Kedua, memunculkan beban operasional. Peningkatan standar operasional, kepatuhan, dan pelaporan dapat meningkatkan beban operasional koperasi, terutama bagi koperasi kecil dan menengah. Hal ini dapat mengurangi efisiensi dan daya saing koperasi.
Ketiga, konsolidasi yang dipaksakan. Regulasi yang lebih ketat mungkin mendorong konsolidasi sektor koperasi, di mana koperasi-koperasi kecil mungkin terpaksa bergabung atau tutup karena tidak mampu memenuhi persyaratan regulasi.
Keempat, hambatan inovasi. Kerangka regulasi yang terlalu kaku dan beban kepatuhan yang tinggi justru dapat mengurangi ruang untuk inovasi dan eksperimentasi dalam model bisnis koperasi.
Kelima, kesenjangan digital yang lebar. Koperasi yang tidak mampu beradaptasi dengan tuntutan digitalisasi mungkin tertinggal dalam persaingan, menciptakan kesenjangan digital dalam sektor koperasi.
Keenam, menciptakan fait accompli, antara fokus pada kepatuhan versus layanan. Tuntutan kepatuhan yang tinggi dapat mengalihkan fokus dan sumber daya koperasi dari peningkatan layanan kepada anggota ke pemenuhan persyaratan regulasi.
Penyempurnaan Regulasi
Regulasi ini berpotensi menghambat perkembangan koperasi, terutama yang berukuran kecil dan menengah. Pendekatan yang lebih seimbang dan fleksibel diperlukan untuk memastikan bahwa regulasi dapat mendorong pertumbuhan dan inovasi sektor koperasi, sambil tetap menjaga integritas dan stabilitas sistem keuangan. Penyempurnaan dan implementasi yang hati-hati atas regulasi ini dapat menjadi landasan untuk pengembangan sektor koperasi yang lebih kuat, inovatif, dan berkelanjutan.

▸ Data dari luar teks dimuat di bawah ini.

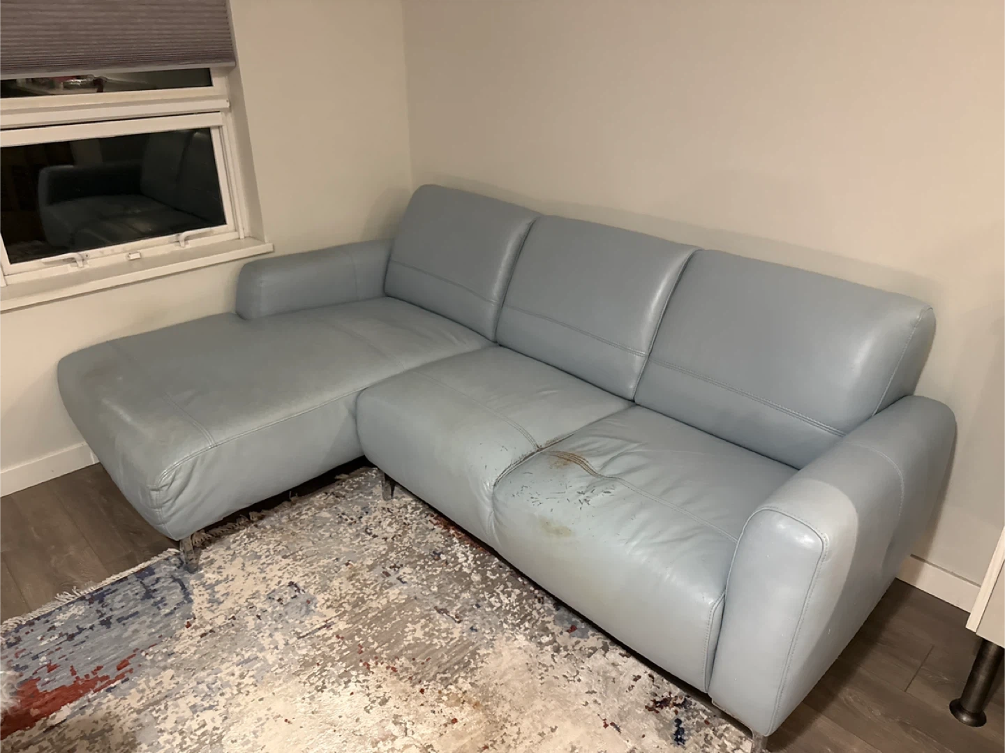 Selling a blue leather sectional sofa with a chaise lounge. It shows signs of wear and tear on the seating area, but it's still comfy and has lots of life left in it! Perfect for a living room or basement.
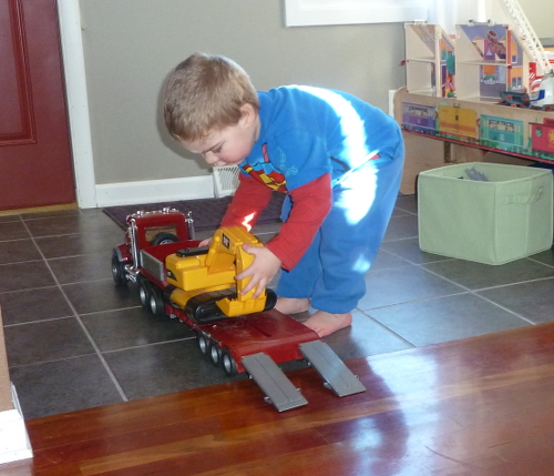 Mommy and Daddy were both doing some volunteer work on Saturday, so Grandma Wynne and Grandpa Al came to visit with me. We played with my trains and my blocks, we read some books and watched some Curious George, but we had the most fun with my excavator and my flatbed trailer. Daddy put new batteries in the excavator and Grandpa showed me how to get it to drive off the trailer all by itself. That was so exciting I had to do it again and again and again.

Potensi hambatan yang akan dihadapi dicarikan jalan keluar dengan mempertimbangkan untuk melakukan pendekatan bertingkat (tiered approach). Menerapkan persyaratan regulasi yang berbeda berdasarkan ukuran dan kompleksitas koperasi, memberikan fleksibilitas lebih bagi koperasi kecil dan baru. Memberikan periode transisi yang memadai untuk implementasi regulasi baru, terutama bagi koperasi kecil dan menengah. Menyediakan dukungan teknis dan pelatihan untuk membantu koperasi memenuhi standar baru, terutama dalam hal tata kelola dan teknologi.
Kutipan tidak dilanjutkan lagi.